FACTCHECKER

Nu de VRT naar verluidt 27 miljoen euro moet besparen, is de openbare omroep volop voorwerp van debat. In een opinie in De Standaard schrijft politicoloog Marc Hooghe (KU Leuven) op 12 augustus: ‘In landen waar de publieke omroep zwak staat, is de politieke kennis van de bevolking beperkter, is er meer politiek wantrouwen en krijgen populistische en racistische partijen meer kansen.’ Enkele dagen later trekt Kamerlid Peter De Roover (N-VA) in dezelfde krant die stelling in twijfel: ‘We leren bij Hooghe dat noordelijke Europese landen een sterke openbare zender hebben, de zuidelijke niet. Daardoor is in het zuiden de politieke kennis beperkter en het succes van populistische en racistische partijen groter, beweert hij. Is het daarom dat Vlaanderen, met die sterke openbare zender, zowat de kleinste socialistische partij van Europa heeft? Ik probeer alleen maar het beweerde concreet toe te passen natuurlijk, want ik zou dat verband zelf niet durven te suggereren.’

‘Hooghe heeft een wetenschappelijke vaststelling gesuggereerd die er volgens mij niet is’, verduidelijkt De Roover aan de telefoon. We beperken ons hier tot het verband tussen het marktaandeel van de openbare omroep en politieke kennis. Is dat er?

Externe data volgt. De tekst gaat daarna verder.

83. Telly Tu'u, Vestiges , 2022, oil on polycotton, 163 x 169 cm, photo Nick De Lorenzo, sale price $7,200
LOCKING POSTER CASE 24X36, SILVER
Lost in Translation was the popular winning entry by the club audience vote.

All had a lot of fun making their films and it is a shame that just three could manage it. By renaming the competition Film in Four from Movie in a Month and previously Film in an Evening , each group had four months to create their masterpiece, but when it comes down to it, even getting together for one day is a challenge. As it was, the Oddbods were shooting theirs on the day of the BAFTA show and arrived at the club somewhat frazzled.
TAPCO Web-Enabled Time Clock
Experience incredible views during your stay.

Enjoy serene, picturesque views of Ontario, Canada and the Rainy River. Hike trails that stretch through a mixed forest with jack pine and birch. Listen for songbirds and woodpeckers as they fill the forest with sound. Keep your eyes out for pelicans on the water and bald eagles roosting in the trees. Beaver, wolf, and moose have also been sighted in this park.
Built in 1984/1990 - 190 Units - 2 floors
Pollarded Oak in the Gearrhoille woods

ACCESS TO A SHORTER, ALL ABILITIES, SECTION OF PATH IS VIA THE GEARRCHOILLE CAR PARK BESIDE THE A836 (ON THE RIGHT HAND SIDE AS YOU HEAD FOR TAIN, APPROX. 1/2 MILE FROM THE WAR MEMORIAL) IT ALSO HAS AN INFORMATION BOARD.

Jazeker, zegt Hooghe, verwijzend naar het Yearbook of the European Audiovisual Observatory over 2013. ‘Politieke kennis van de bevolking wordt daarin gemeten met de vragen wie de minister van Buitenlandse Zaken is, wie de secretaris-generaal van de VN, en welke de grootste partij is in het parlement. Controlerend voor het gemiddelde opleidingsniveau, blijkt de kennis in landen als Denemarken en Finland ongeveer dubbel zo groot als in Griekenland of Hongarije. Toeval of niet, in de Scandinavische landen is het marktaandeel van de publieke omroep drie tot zes keer groter.’

Het onderzoek toont geen oorzakelijk verband, maar in tegenstelling tot wat De Roover beweert (‘daardoor’), zegt Hooghe dat in zijn opiniestuk ook niet.

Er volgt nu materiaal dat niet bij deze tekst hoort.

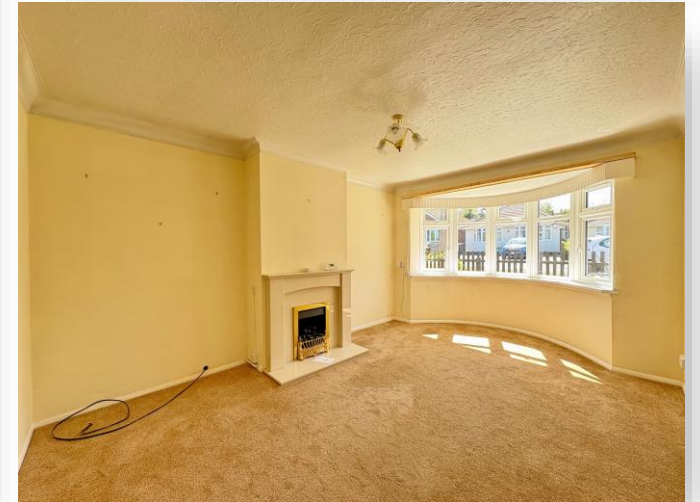
Woodland Avenue, Overstone Northampton NN6 0AJ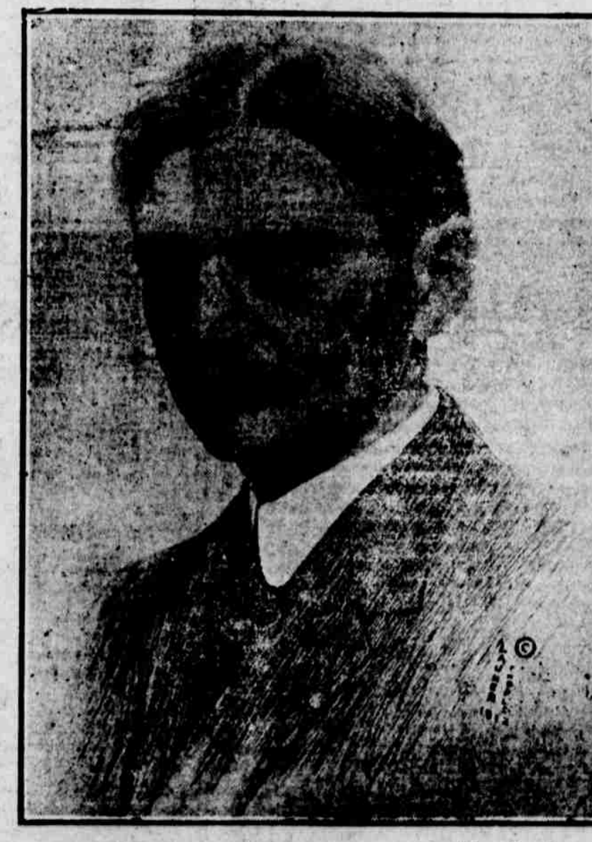
Vice President Elect Thomas R. Marshall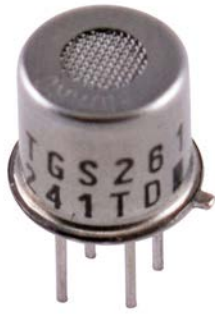
Sensor EX (LEL) (2611 Silver 4 Prong)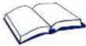
bo . k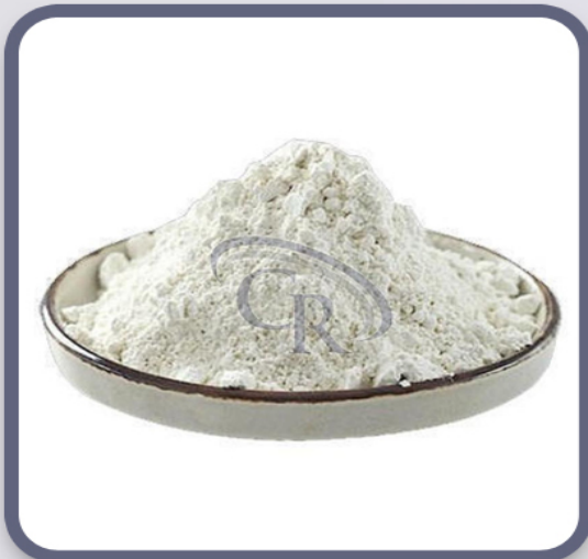
Diclofenac Potassium BP Powder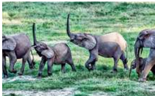
Lobéké National Park, East region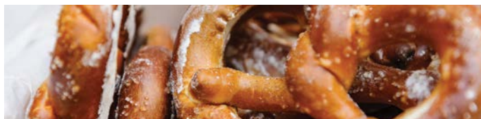
Exhibit Hall Bingo

The PWEA Exhibits & Sponsors Committee organized this event for Monday and Tuesday during the Conference.

Een recente studie van Shanto Iyengar (Stanford) in The International Journal of Press/Politics toont aan dat kijken naar nieuws op de openbare omroep, gemeten voor individuen, de politieke kennis vergroot. Die wordt gemeten met zeven vragen, onder meer over de werking van de EU. Wie elke dag naar het nieuws op de publieke omroep kijkt, blijkt gemiddeld – berekend over 27 landen – een halve vraag meer correct te beantwoorden dan wie daar nooit naar kijkt (4,2 juiste antwoorden i.p.v. 3,7). Het effect van nieuws op de commerciële zenders is negatief en verwaarloosbaar.

‘VTM is geen typisch commerciële zender’, nuanceert politicoloog Stefaan Walgrave (UAntwerpen), die samen met Hooghe over nieuwskwaliteit publiceert. ‘Er zijn kleine verschillen, maar als je Het Journaal en Het Nieuws uitzet in een internationale nieuwsvergelijking, zitten ze vlak bij elkaar.’

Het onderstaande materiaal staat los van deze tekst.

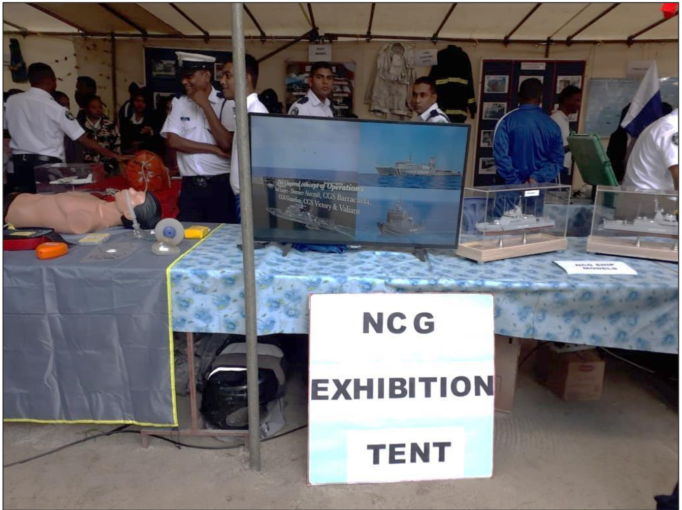
Exhibition by National Coast Guard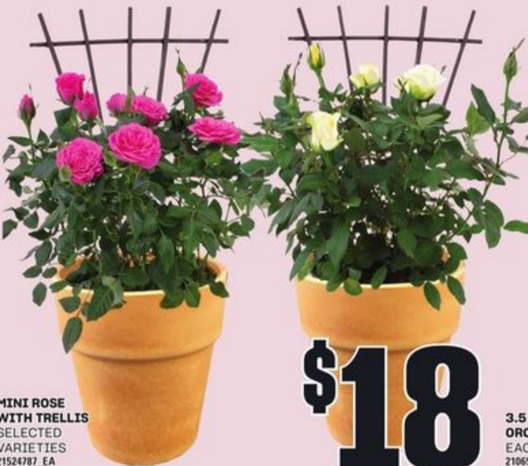
MINI ROSE WITH TRELIS SELECTED VARIETIES 21524787_EA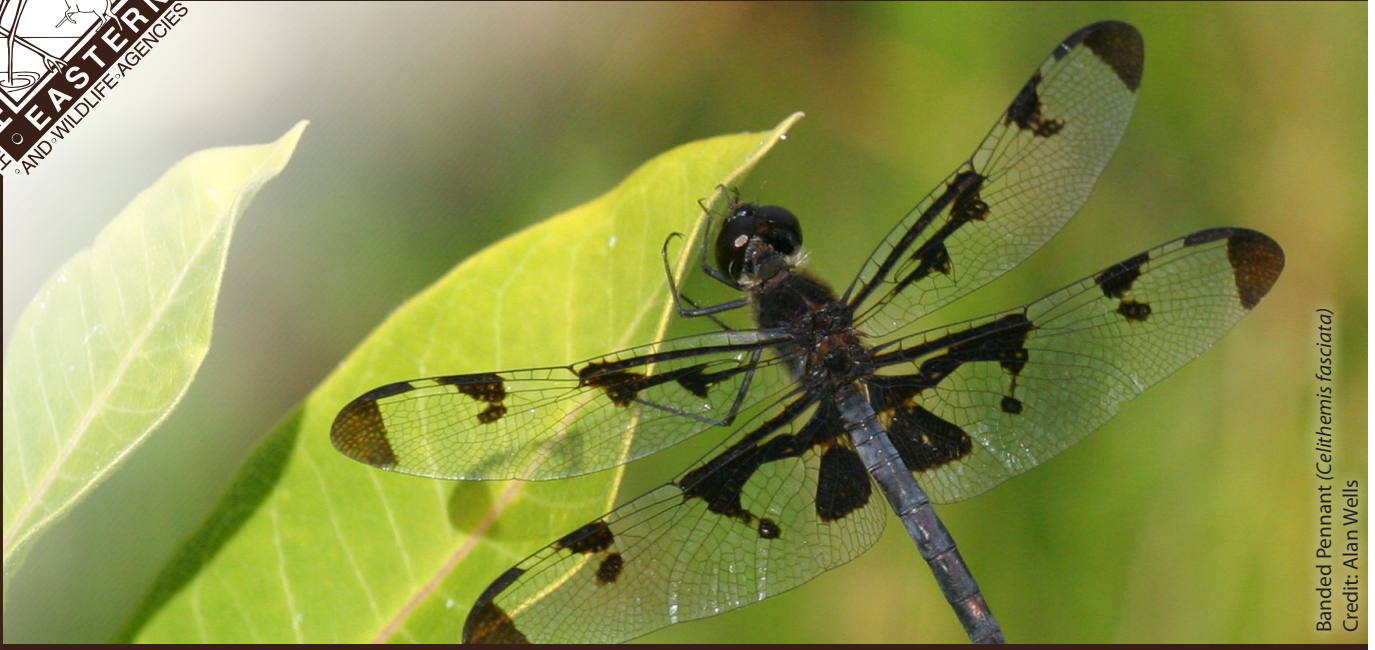
Banded Pennant ( Celithemis fasciata)

REGIONAL CONSERVATION NEEDS www.rcngrants.org

Omdat tv het belangrijkste medium is waarmee mensen zich over politiek informeren, en omdat het tv-journaal ook mensen bereikt die uit zichzelf weinig politiek geïnteresseerd zijn, is de vraag relevant.

‘Onze democratie is het allermeest gebaat met een goed nieuws op VTM, en dat krijg je door een sterk VRT-journaal’, zegt Walgrave. ‘De VRT investeert er veel in, en in ons weinig gefragmenteerd landschap gaat VTM naar de marktleider toe.’

Van alle Vlamingen die om 19 uur tv kijken, stemt ongeveer 80 procent af op nieuws. Gemiddeld kijken dan bijna dubbel zoveel mensen naar VRT als naar VTM.

Conclusie:

De scepsis van Peter De Roover is onterecht, want onderzoek toont aan dat de politieke kennis van de bevolking beperkter is in landen waar de openbare omroep zwak staat. Knack beoordeelt de stelling als waar.

WAAR

Jan Jagers

‘In landen waar de publieke omroep zwak staat, is de politieke kennis van de bevolking beperkter’ Politicoloog MARC HOOGHE (KU Leuven), in De Standaard.